#### [Task details]
Please, without any pictures, transcribe the lines from the one holding "Majvillan, tapet till" to the end of the listing, both ends included.

#### [Data]
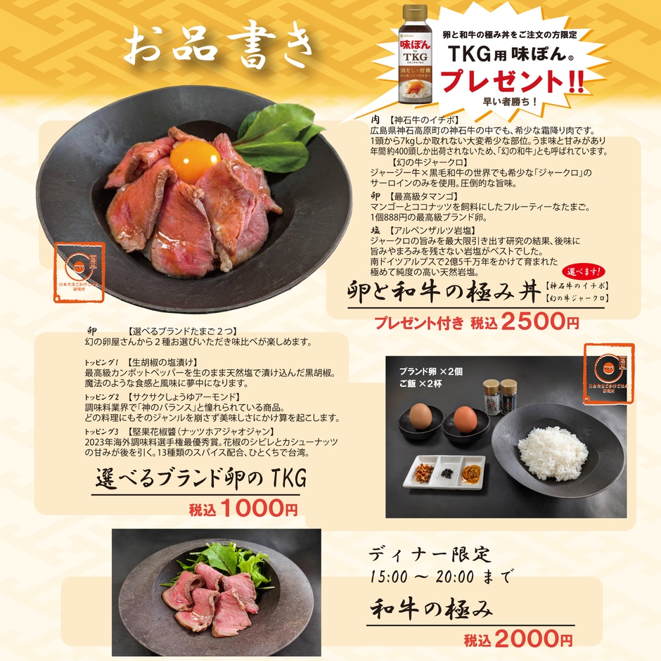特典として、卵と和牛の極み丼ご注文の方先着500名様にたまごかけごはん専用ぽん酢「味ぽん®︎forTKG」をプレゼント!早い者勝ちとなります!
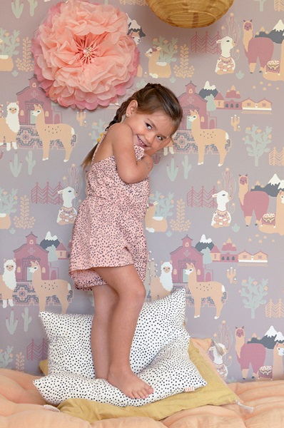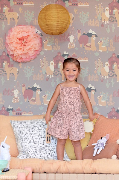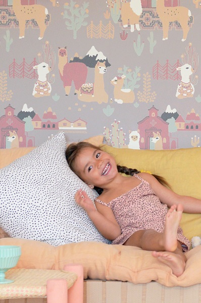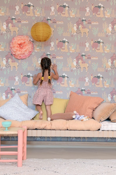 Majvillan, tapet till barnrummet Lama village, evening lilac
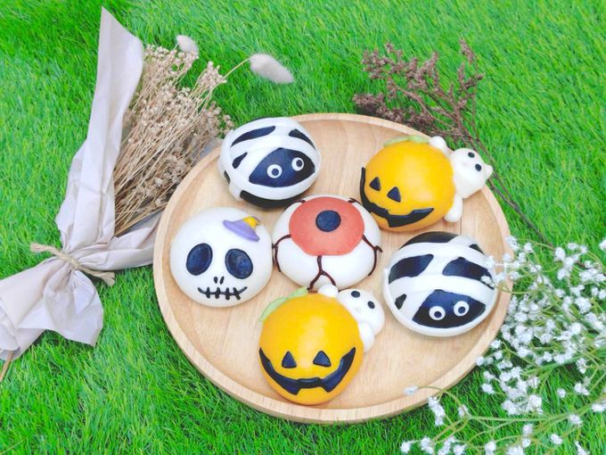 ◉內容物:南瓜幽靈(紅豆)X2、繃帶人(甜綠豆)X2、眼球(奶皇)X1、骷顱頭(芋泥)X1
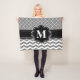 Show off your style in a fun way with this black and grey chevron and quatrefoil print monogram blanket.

#### [Written response]
 Majvillan, tapet till barnrummet Lama village, evening lilac
 ◉內容物:南瓜幽靈(紅豆)X2、繃帶人(甜綠豆)X2、眼球(奶皇)X1、骷顱頭(芋泥)X1
 Show off your style in a fun way with this black and grey chevron and quatrefoil print monogram blanket.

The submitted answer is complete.